Supplied material:

----------------

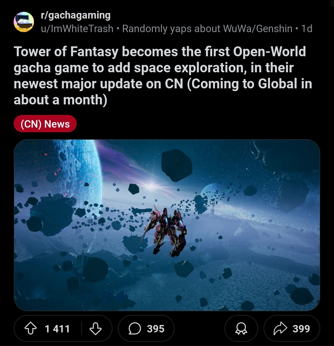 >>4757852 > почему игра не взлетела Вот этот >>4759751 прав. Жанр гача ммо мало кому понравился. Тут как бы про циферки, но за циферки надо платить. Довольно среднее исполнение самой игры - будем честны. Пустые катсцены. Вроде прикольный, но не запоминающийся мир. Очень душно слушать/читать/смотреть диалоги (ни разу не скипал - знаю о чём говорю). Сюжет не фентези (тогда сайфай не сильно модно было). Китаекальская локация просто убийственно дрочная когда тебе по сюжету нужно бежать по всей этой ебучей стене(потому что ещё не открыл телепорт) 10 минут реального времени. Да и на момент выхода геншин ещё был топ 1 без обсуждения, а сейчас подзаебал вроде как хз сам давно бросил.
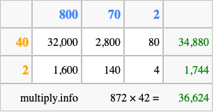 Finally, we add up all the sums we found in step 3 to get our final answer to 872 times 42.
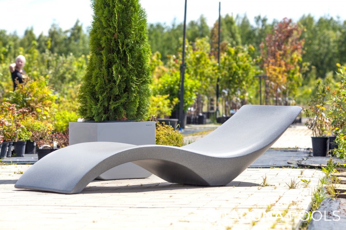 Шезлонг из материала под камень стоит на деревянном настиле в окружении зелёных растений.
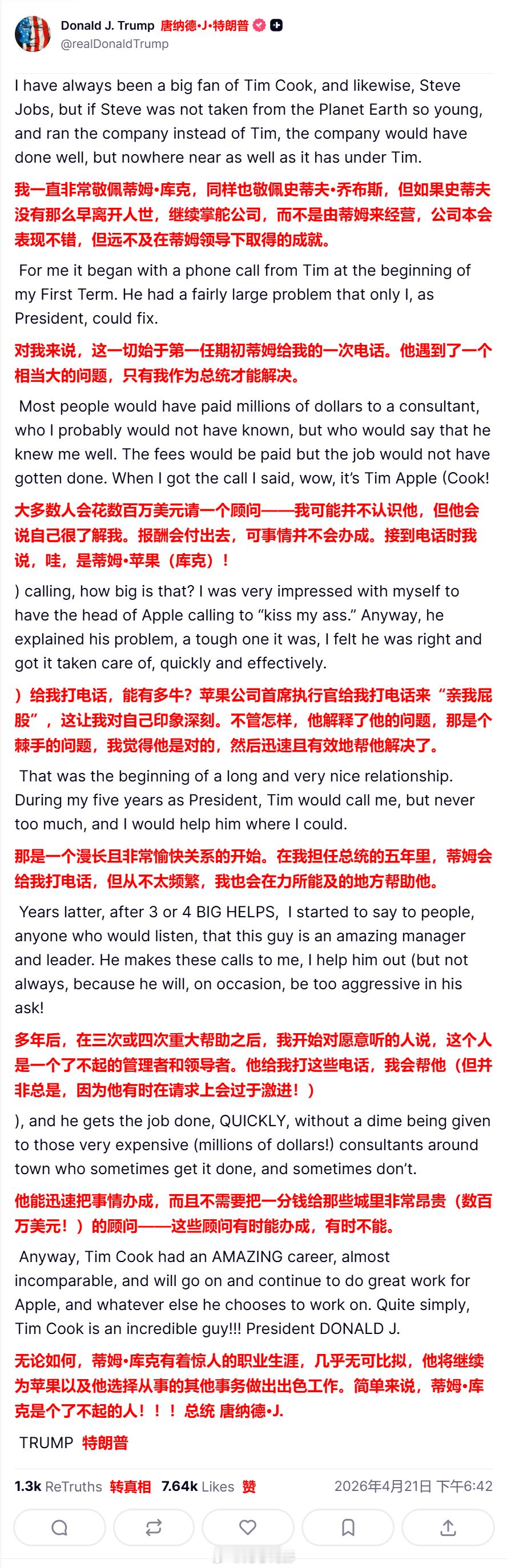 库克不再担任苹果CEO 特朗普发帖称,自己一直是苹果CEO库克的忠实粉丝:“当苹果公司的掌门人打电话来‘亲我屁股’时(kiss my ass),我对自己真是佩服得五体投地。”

----------------

Required action:
Please restate the data word for word, leaving out any picture it holds.

Exercise response:
 >>4757852 > почему игра не взлетела Вот этот >>4759751 прав. Жанр гача ммо мало кому понравился. Тут как бы про циферки, но за циферки надо платить. Довольно среднее исполнение самой игры - будем честны. Пустые катсцены. Вроде прикольный, но не запоминающийся мир. Очень душно слушать/читать/смотреть диалоги (ни разу не скипал - знаю о чём говорю). Сюжет не фентези (тогда сайфай не сильно модно было). Китаекальская локация просто убийственно дрочная когда тебе по сюжету нужно бежать по всей этой ебучей стене(потому что ещё не открыл телепорт) 10 минут реального времени. Да и на момент выхода геншин ещё был топ 1 без обсуждения, а сейчас подзаебал вроде как хз сам давно бросил.
 Finally, we add up all the sums we found in step 3 to get our final answer to 872 times 42.
 Шезлонг из материала под камень стоит на деревянном настиле в окружении зелёных растений.
 库克不再担任苹果CEO 特朗普发帖称,自己一直是苹果CEO库克的忠实粉丝:“当苹果公司的掌门人打电话来‘亲我屁股’时(kiss my ass),我对自己真是佩服得五体投地。”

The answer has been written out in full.